Just some thoughts.  Also, as I said in my previous e-mail, I don't seek to convert you to Islam (frankly your religous beliefs are your business as I don't believe in imposing my views on others).  Rather, I seek merely to point out the flaws in your arguments. 

I would be more than happy to listen to the flaws of my arguments. So far you have only expressed your opinion and not the flaws of my argument. Why you don’t do so? I have issued the challenge that should anyone refute my arguments I will delete my site not before publishing an apology. All you have to do is to disprove what I say about Muhammad and my claim that Quran is wrong.  


Furthermore, I believe that you should be free to air your views - as free thought and criticism are what made the medieval Islamic empire flourish - unlike the present day where stifling of free thought has lead to the stifling nature of Islamic cutlure today.

It is true. Medieval Islamic World flourished because freethinkers like Ar Razi, Abu Ali Sina, Ibn Rushd, Al Muari, Khayyam and other great luminaries were not put to death when they expressed their disbelief in Islam and its mumbo jumbo. But see how fundamentalism came back? Look at Turkey. Ata Turk secularized Turkey, but today the fundamentalists are trying to reverse his reforms. Reza Shah of Iran 70 years ago also curtailed Islam, but 50 years later the fundamentalism destroyed that land. Keeping Islam is playing with a poisonous snake. You either kill this snake or be prepared that one day it will come out of its cage and bite you. I want to kill Islam forever. I do not agree castrating it and flirting with it. I do not see any need for it. I have rather got rid of my romanticism and I am more pragmatic. I do not trust Islam. Why should we hold unto something that does not benefit us but could be lethal?

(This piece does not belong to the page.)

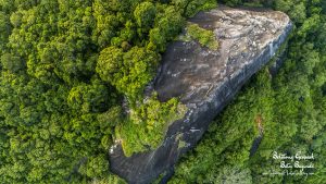 Geologically, the hills are made of adamelite, a type of I-type granite that is different from Belitong’s famous tin-bearing granite. Unlike typical granite, which contains abundant quartz (20–40%), adamelite has less quartz (only 5–20%) but is rich in hornblende, a black mineral with large, striking crystals. The rock also contains feldspar, plagioclase, biotite, and secondary minerals such as carbonate, limonite, and iron oxide. These mineral compositions give the hills a distinctive appearance and make them an important representation of I-type granite in Belitong UNESCO Global Geopark.

One more thing, on my political views, which may be of relevance - I was brought up in an environment to believe in democratic socialism.  However, in university I questioned these beliefs which I had earlier accepted so uncritically.  I was a neo-conservative for a while.  Though, after critical thinking I came back to my old socialist views but was better informed and less dogmatic.  I believe that might (though I could be wrong) reflect the next stage in the spiritual development of an individual like yourself - to accept Islam but not uncritically - I found that thought prevelant among some of the testimonials on your site - Michael Muhammad Knight being one example.  Many of them seem to still accept Islam but just not uncritically anymore. 

All the best!

Muhammad K..    

There are some who still opine Islam can be reformed. They cannot get rid of it and need to cling to it. They want to reinvent a tolerant Islam. I question why. Why we should hold unto something that is false from origin. Muhammad was a narcissist and a sick man. Why we need to praise him? Shall we hold unto the image of Hitler but try to reform and humanize his philosophy?  What is this attachment we have with this man? On one hand you are saying that what Muhammad said should not be completely relied upon, we have to incorporate democracy and freedom of thought in Islam. Which according the Muhammad is bid’a and you are an apostate. On the other hand you cannot let go of this man? Why? 

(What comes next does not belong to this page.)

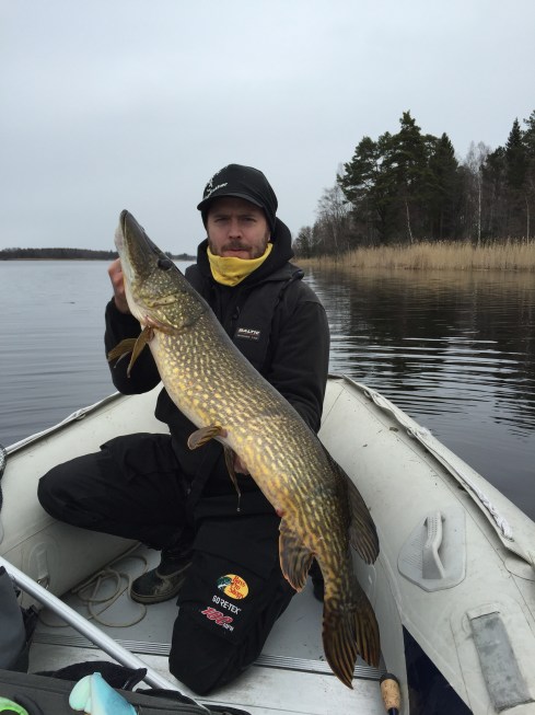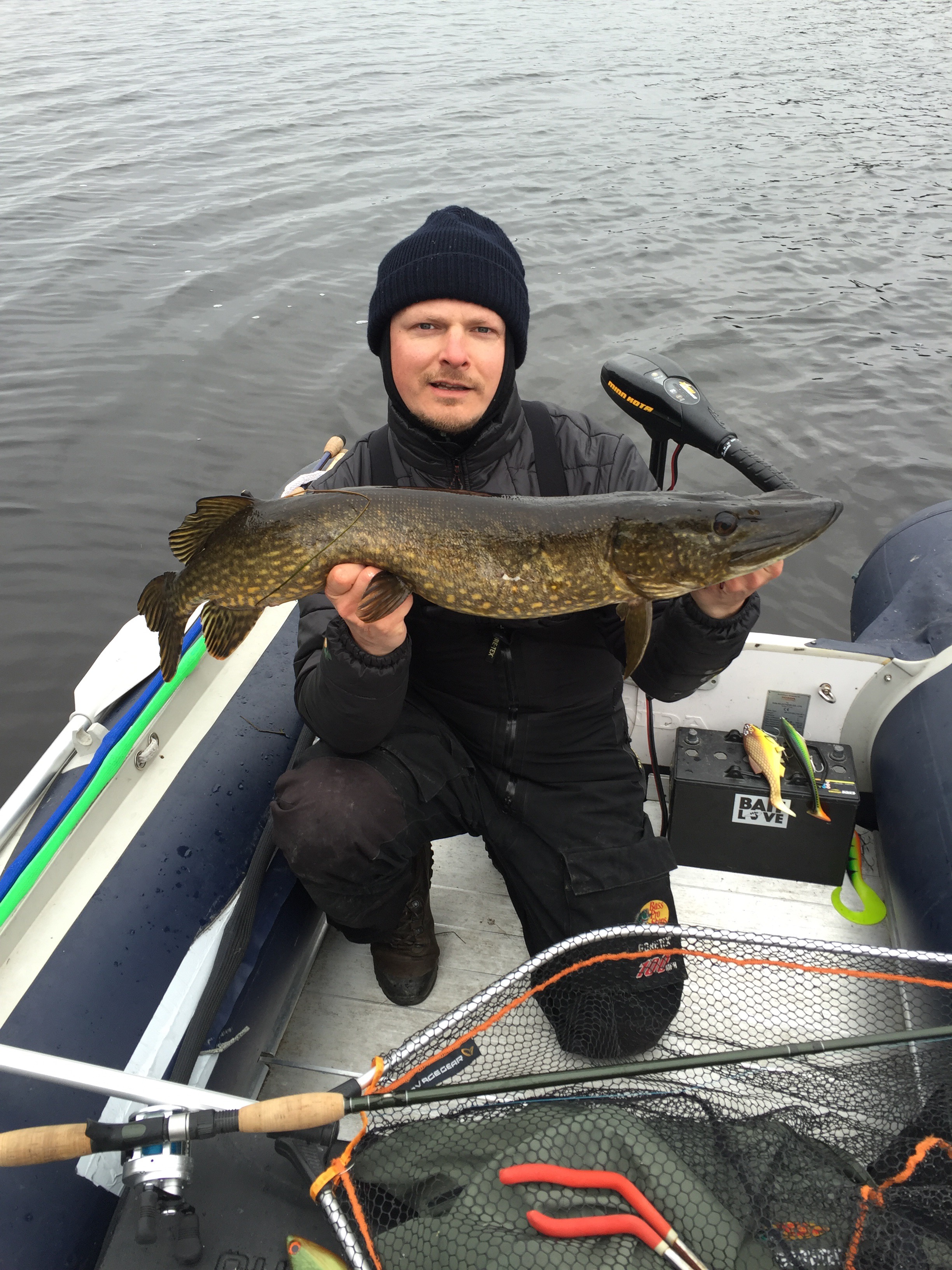 Sen var det min tur för första gäddan från båt för iår. Jag skulle testa mina nya Pankan-beten från BroBaits jag fått några dagar tidigare. I vad jag valde o kalla “Love-edition”, Thomas hade gjort två modeller, en med hjärta på sidan och en med TPF-loggan och ett hjärta på buken. Tror det var om inte första, så andra eller tredje kastet jag gjorde (första var ju mer “hur går betet”-kast) som fisken högg. Helt ärligt, det stack upp lite vass just där jag kastade, jag fastnade i vassen, slet till, sen högg fisken och jag gjorde mothugg. Första sekundrarna trodde jag det var vass, tills vassen kändes i spöt och drog år sidan. Då förstod jag det var en bättre fisk.

The problem is that as long as people like you, who have earned their degrees, uphold Islam as the religion of God and the hodgepodge of Quran as the word of God, the fundamentalists get their confirmation that all the killings that they do by following the explicit teachings of Quran becomes justifiable. You may be a liberal person and a freethinker, but when you recognize Quran as the book of God, the less educated Muslims do not care to listen to your advice. They are not interested in your personal views about tolerance, democracy and freedom but they follow what the Quran teaches. And Quran teaches hate, bigotry, fanaticism and killing. You are responsible for the rise of fundamentalism, whether you agree with that or not.